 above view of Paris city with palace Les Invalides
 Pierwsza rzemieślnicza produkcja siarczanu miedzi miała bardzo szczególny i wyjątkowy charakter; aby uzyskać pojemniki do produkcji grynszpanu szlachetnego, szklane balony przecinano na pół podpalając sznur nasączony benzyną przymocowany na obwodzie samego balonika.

* * *

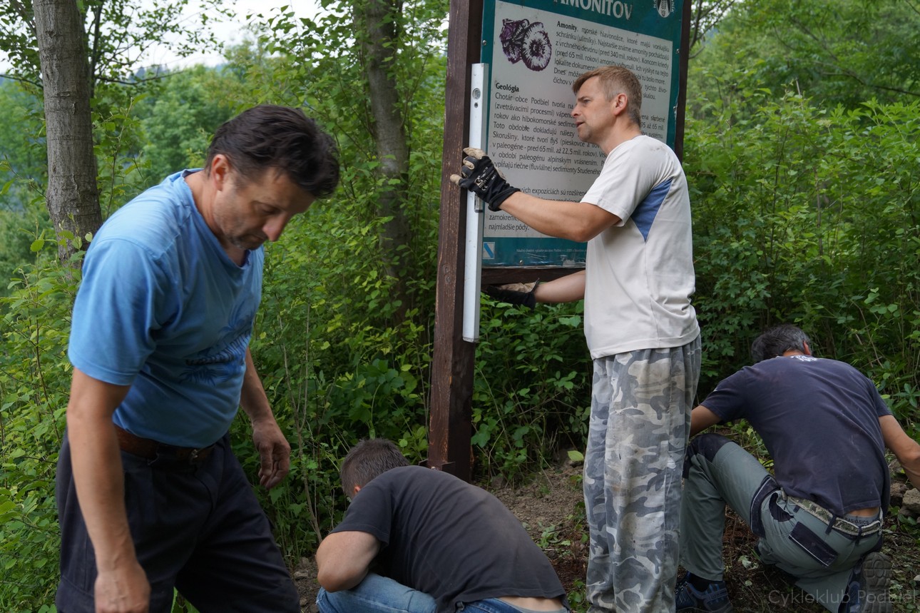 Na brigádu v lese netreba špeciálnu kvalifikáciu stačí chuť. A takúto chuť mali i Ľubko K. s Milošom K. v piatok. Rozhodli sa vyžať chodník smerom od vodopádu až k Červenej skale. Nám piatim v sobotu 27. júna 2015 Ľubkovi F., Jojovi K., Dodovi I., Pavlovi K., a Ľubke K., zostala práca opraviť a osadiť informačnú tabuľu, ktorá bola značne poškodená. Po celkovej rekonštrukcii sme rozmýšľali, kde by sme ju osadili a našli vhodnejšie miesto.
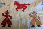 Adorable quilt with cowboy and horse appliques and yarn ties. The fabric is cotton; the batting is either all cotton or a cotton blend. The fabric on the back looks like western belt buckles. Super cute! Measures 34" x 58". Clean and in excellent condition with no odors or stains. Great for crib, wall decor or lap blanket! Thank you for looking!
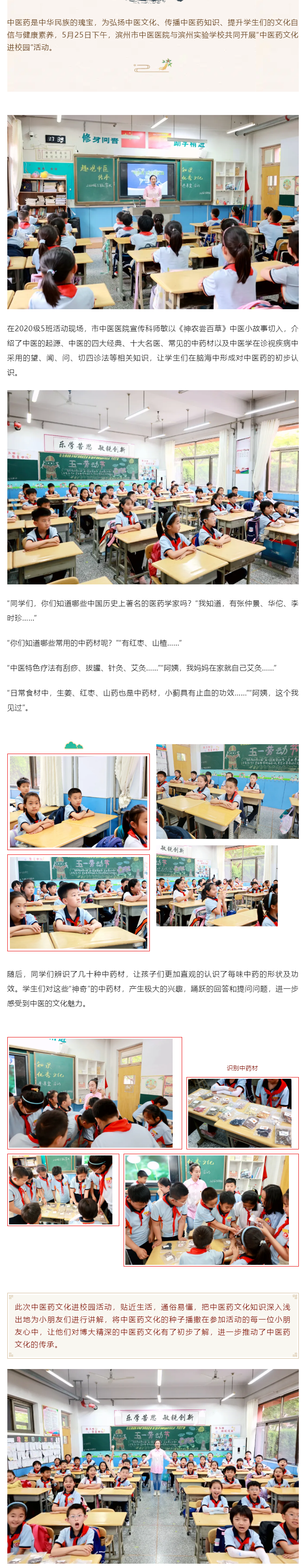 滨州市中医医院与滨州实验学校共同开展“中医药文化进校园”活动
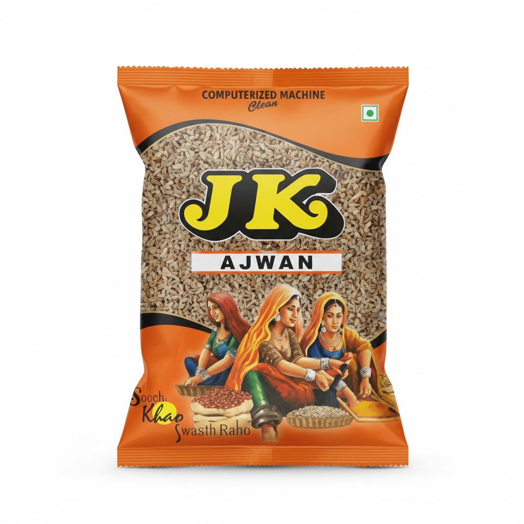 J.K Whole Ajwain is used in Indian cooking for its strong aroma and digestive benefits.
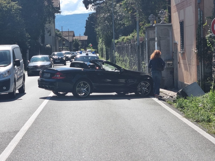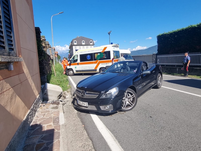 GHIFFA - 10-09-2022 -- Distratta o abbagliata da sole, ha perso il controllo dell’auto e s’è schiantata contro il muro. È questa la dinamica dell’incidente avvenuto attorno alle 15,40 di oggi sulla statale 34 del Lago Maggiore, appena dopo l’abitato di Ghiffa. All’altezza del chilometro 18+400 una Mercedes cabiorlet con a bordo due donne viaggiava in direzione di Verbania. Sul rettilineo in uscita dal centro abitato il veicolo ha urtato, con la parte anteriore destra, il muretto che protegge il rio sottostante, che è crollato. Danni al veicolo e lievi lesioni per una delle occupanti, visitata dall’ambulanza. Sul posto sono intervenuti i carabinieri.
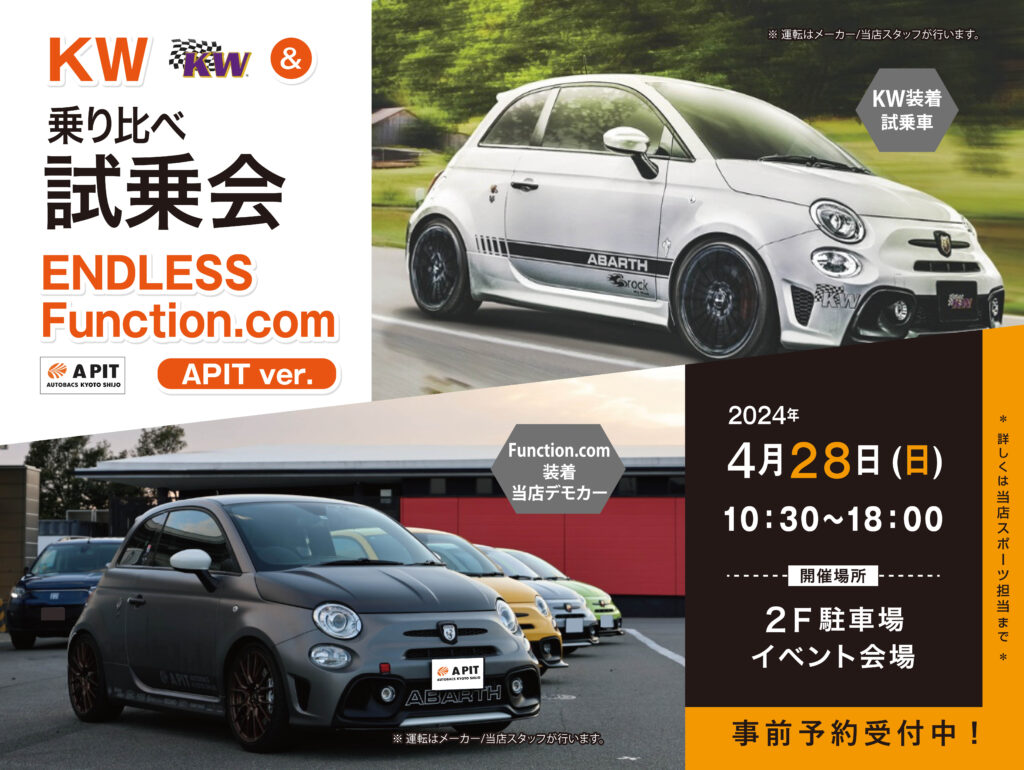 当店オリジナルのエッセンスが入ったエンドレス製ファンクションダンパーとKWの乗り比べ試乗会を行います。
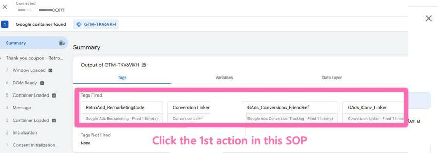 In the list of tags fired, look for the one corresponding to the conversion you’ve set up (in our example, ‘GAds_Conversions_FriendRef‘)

* * *

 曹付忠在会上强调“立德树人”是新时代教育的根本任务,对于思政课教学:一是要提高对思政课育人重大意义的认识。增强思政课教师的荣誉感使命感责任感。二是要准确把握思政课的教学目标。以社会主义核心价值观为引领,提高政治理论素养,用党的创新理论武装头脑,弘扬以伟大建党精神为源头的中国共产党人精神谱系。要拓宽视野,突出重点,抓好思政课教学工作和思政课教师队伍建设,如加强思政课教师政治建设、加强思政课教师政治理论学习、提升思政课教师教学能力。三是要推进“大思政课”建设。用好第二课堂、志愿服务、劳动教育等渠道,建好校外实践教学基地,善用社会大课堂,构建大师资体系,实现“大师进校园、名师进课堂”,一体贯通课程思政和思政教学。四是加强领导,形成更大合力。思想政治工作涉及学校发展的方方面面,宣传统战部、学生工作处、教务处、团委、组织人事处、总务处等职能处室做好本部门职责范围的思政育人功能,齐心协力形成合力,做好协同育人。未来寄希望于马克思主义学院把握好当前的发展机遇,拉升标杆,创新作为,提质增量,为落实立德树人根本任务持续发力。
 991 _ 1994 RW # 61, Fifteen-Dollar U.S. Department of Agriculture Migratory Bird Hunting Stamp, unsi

■ Activity ■
Copy exactly, without pictures, the lines above from the one with "Adorable quilt with" down to the one with "In the list", inclusive.

■ Answer box ■
 Adorable quilt with cowboy and horse appliques and yarn ties. The fabric is cotton; the batting is either all cotton or a cotton blend. The fabric on the back looks like western belt buckles. Super cute! Measures 34" x 58". Clean and in excellent condition with no odors or stains. Great for crib, wall decor or lap blanket! Thank you for looking!
 滨州市中医医院与滨州实验学校共同开展“中医药文化进校园”活动
 J.K Whole Ajwain is used in Indian cooking for its strong aroma and digestive benefits.
 GHIFFA - 10-09-2022 -- Distratta o abbagliata da sole, ha perso il controllo dell’auto e s’è schiantata contro il muro. È questa la dinamica dell’incidente avvenuto attorno alle 15,40 di oggi sulla statale 34 del Lago Maggiore, appena dopo l’abitato di Ghiffa. All’altezza del chilometro 18+400 una Mercedes cabiorlet con a bordo due donne viaggiava in direzione di Verbania. Sul rettilineo in uscita dal centro abitato il veicolo ha urtato, con la parte anteriore destra, il muretto che protegge il rio sottostante, che è crollato. Danni al veicolo e lievi lesioni per una delle occupanti, visitata dall’ambulanza. Sul posto sono intervenuti i carabinieri.
 当店オリジナルのエッセンスが入ったエンドレス製ファンクションダンパーとKWの乗り比べ試乗会を行います。
 In the list of tags fired, look for the one corresponding to the conversion you’ve set up (in our example, ‘GAds_Conversions_FriendRef‘)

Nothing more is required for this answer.